* [TASK PROMPT]: Using the records that appear below, write out exactly the lines from the one with "Building view with" through the one with "现推出限时优惠:原价2000", keeping both end lines.

-------- RAW DATA

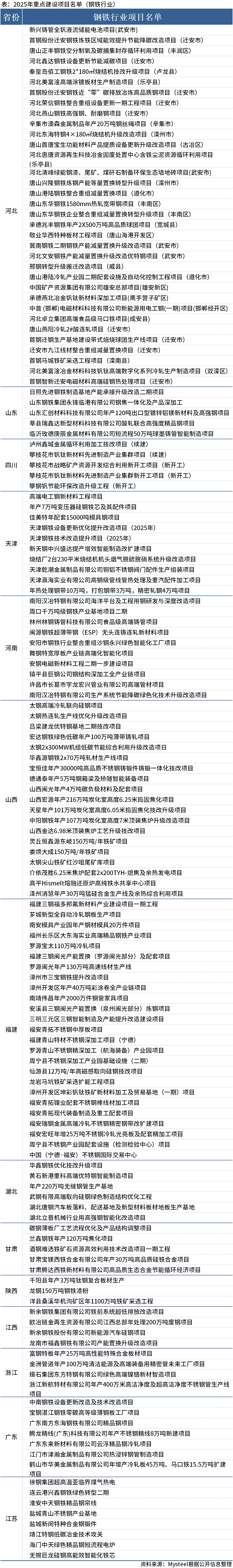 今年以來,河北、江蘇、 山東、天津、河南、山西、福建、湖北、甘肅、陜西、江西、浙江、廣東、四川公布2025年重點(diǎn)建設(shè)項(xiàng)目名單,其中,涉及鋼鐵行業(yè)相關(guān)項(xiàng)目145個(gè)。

----------------
-------- RAW DATA

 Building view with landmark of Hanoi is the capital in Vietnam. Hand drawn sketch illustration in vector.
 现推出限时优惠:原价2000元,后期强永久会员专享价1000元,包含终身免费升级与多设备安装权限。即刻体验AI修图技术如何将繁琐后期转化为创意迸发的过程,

----------------

* [SOLUTION TO THIS EXERCISE]:
 Building view with landmark of Hanoi is the capital in Vietnam. Hand drawn sketch illustration in vector.
 现推出限时优惠:原价2000元,后期强永久会员专享价1000元,包含终身免费升级与多设备安装权限。即刻体验AI修图技术如何将繁琐后期转化为创意迸发的过程,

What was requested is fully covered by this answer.